My husband and I met as teenagers working at a grocery store. After ten months of being coworkers, we started dating. From the beginning, we felt certain that marriage was in our future. After almost seven years together, we finally tied the knot. We were excited about the future and all it would bring especially starting a family.

We had talked about adoption a little before marriage. Back then, we thought if we ever did it, it would be international. Foster care wasn’t something we had really thought about. We were both unfamiliar with it and had no background in it but life took us in that direction anyway.

It all started when a friend of mine posted about her foster care journey on Facebook. She shared openly about the process and the children she was caring for. Through her, I realized there was a real need for families to foster young children. Around that same time, we heard a guest speaker at church who had adopted five kids through foster care. That night, my husband and I gave each other a look that said, “We could do this.”

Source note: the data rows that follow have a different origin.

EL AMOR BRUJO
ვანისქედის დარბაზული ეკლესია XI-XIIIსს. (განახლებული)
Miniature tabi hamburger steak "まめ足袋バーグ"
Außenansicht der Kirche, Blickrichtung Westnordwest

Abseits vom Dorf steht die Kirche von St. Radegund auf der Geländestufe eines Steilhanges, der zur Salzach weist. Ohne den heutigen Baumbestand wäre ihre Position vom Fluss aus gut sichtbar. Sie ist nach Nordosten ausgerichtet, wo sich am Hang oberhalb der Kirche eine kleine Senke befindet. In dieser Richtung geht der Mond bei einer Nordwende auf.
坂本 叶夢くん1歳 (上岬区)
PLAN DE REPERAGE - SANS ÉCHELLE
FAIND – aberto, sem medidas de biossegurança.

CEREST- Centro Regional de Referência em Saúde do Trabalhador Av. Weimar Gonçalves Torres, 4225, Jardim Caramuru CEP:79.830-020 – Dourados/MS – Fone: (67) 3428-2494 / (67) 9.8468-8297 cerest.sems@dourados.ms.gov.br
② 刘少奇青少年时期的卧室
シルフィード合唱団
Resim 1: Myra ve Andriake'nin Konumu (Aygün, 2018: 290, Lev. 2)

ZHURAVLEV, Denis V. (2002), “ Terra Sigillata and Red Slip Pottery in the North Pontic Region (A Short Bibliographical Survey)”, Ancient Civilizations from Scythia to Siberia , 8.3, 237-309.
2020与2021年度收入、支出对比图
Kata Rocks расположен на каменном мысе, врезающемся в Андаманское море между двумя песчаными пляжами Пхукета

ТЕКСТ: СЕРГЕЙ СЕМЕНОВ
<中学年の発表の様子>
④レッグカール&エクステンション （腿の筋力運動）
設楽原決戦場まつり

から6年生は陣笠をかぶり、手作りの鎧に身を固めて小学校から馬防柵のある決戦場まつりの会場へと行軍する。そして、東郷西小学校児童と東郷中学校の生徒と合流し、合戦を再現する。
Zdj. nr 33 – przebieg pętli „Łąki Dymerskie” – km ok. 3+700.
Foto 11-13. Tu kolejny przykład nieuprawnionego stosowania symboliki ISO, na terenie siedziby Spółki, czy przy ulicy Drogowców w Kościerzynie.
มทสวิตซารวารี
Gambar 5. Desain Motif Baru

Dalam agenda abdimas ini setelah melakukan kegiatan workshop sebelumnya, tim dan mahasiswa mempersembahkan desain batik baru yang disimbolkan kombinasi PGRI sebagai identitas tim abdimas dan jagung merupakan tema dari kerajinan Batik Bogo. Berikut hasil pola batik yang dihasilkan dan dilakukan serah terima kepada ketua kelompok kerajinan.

We were 26, living in a big house, and had room in our hearts and lives to help a child who needed a temporary home. So, we signed up for foster care classes and began the process. The whole process wrapped up in roughly four months.
In May 2015, we got a call for a 3-year-old boy. His mom was homeless, and there was nowhere for him to go. We said yes, just like we had with other calls, but this time, they picked us. Thirty minutes later, he was in our arms.

He stayed with us for six months before going back to his mom. It hurt deeply, yet we truly felt joy for her. Thankfully, she wanted us to stay in his life. A year later, she asked if he could come live with us again. That stay turned into months, and eventually she asked if we’d co-parent with her. After a long court process, we were granted joint custody.
Over the next few years, we welcomed 14 more children into our home. Some were with us briefly, while others left a lasting impact. We eventually adopted four of them three through the foster system and one from another state. Each child came with their own story, struggles, and beauty. We’ve also built special bonds with their birth families and grandparents, something we truly treasure.

We never imagined this would be our life when we said “why not” to foster care. But that one decision brought us so much love and joy. If you’re wondering whether you can do it too maybe the answer isn’t “yes” just yet. But maybe, just maybe, it’s “why not?”